╭─ DATA
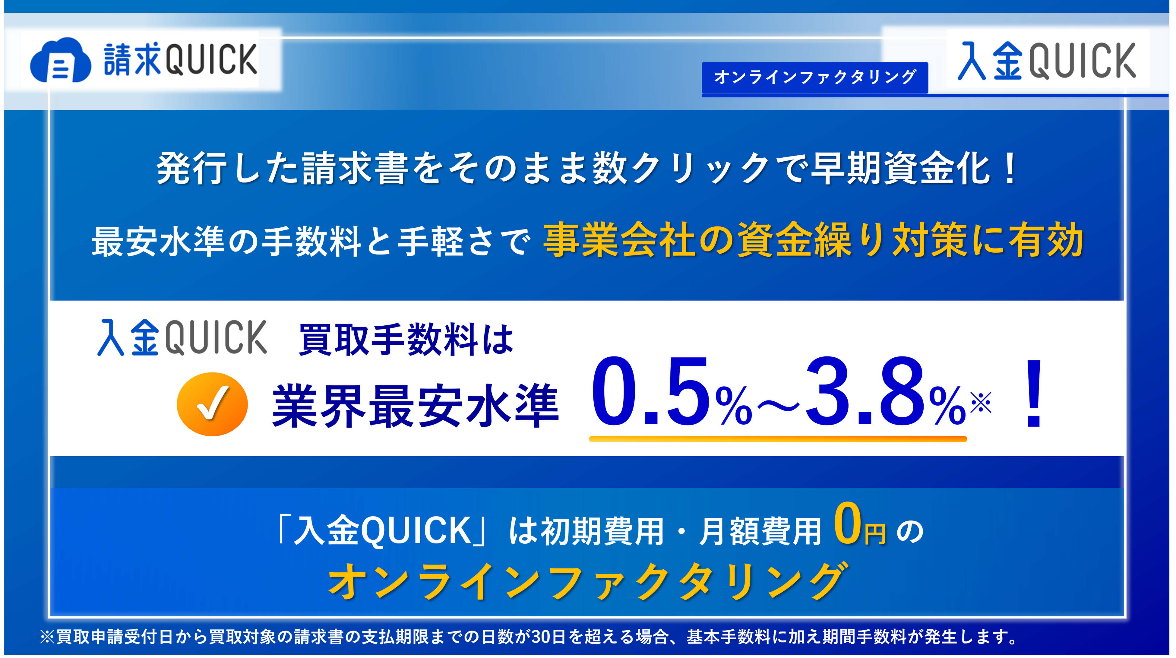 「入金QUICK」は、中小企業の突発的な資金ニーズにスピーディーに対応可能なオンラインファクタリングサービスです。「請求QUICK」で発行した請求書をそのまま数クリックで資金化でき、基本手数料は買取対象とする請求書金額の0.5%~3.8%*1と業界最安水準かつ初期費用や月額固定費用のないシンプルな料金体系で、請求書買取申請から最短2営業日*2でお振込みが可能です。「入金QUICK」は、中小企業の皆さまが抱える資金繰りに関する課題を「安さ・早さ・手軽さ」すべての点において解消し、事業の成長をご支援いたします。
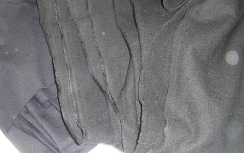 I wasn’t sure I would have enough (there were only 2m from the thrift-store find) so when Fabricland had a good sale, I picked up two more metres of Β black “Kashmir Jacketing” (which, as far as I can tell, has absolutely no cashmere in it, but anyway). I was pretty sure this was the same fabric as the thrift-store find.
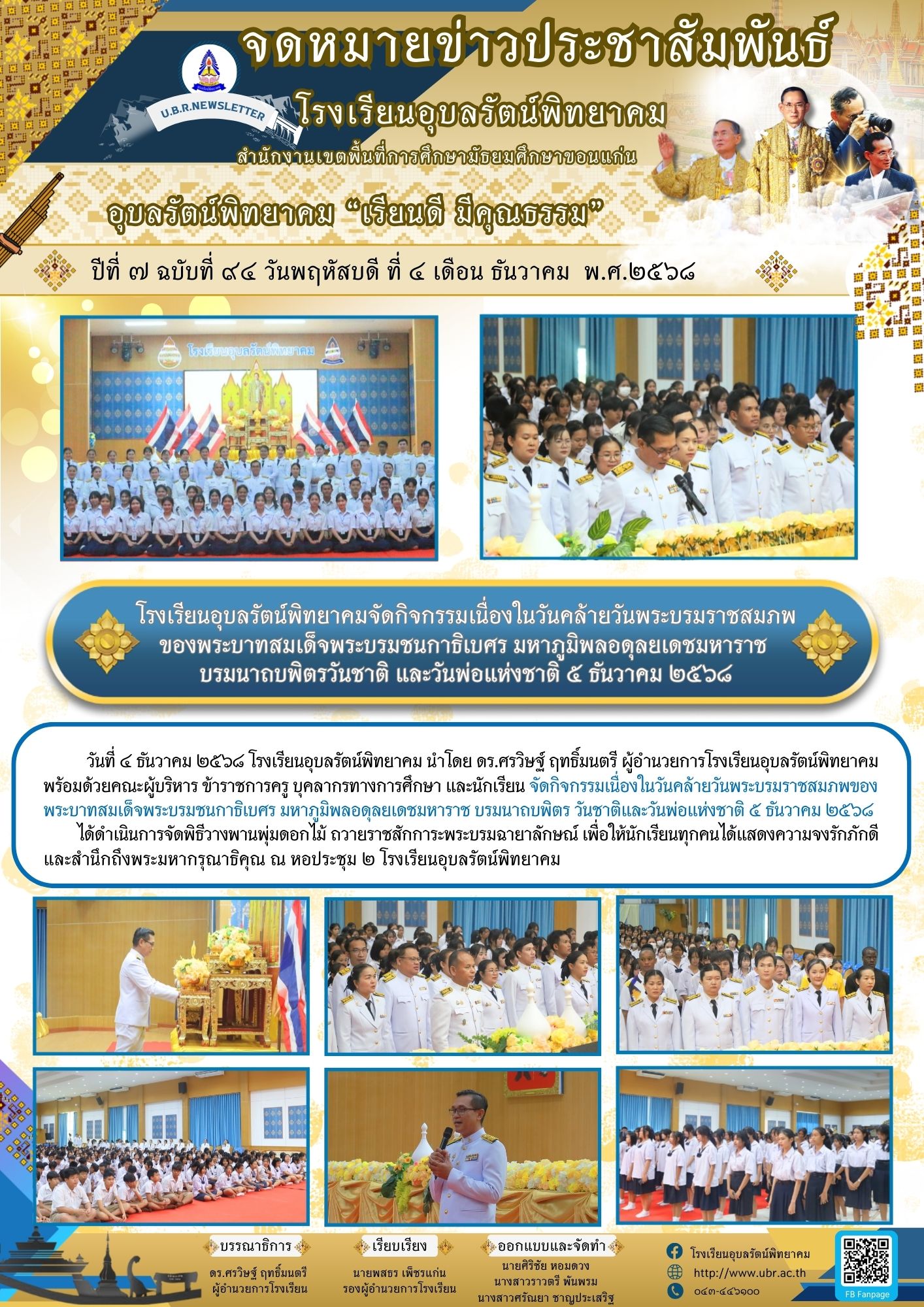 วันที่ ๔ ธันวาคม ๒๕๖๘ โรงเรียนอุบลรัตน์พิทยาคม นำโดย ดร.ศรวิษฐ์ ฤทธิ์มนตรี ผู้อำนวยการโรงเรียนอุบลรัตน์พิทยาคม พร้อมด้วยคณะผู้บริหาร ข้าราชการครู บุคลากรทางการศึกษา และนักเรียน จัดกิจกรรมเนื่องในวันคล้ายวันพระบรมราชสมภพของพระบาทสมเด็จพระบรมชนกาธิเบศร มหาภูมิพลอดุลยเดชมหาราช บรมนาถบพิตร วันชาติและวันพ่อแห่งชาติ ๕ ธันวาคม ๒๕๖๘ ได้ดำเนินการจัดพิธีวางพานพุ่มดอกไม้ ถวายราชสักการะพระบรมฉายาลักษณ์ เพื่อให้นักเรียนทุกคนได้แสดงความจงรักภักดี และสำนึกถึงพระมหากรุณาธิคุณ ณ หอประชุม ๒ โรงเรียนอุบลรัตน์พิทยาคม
╰─
→ **WORK REQUIRED**:
Reproduce exactly the line containing "I wasn’t sure" and every line after it in the material above, up to and including the last. Exclude all pictures.

→ **SOLVED EXERCISE**:
 I wasn’t sure I would have enough (there were only 2m from the thrift-store find) so when Fabricland had a good sale, I picked up two more metres of Β black “Kashmir Jacketing” (which, as far as I can tell, has absolutely no cashmere in it, but anyway). I was pretty sure this was the same fabric as the thrift-store find.
 วันที่ ๔ ธันวาคม ๒๕๖๘ โรงเรียนอุบลรัตน์พิทยาคม นำโดย ดร.ศรวิษฐ์ ฤทธิ์มนตรี ผู้อำนวยการโรงเรียนอุบลรัตน์พิทยาคม พร้อมด้วยคณะผู้บริหาร ข้าราชการครู บุคลากรทางการศึกษา และนักเรียน จัดกิจกรรมเนื่องในวันคล้ายวันพระบรมราชสมภพของพระบาทสมเด็จพระบรมชนกาธิเบศร มหาภูมิพลอดุลยเดชมหาราช บรมนาถบพิตร วันชาติและวันพ่อแห่งชาติ ๕ ธันวาคม ๒๕๖๘ ได้ดำเนินการจัดพิธีวางพานพุ่มดอกไม้ ถวายราชสักการะพระบรมฉายาลักษณ์ เพื่อให้นักเรียนทุกคนได้แสดงความจงรักภักดี และสำนึกถึงพระมหากรุณาธิคุณ ณ หอประชุม ๒ โรงเรียนอุบลรัตน์พิทยาคม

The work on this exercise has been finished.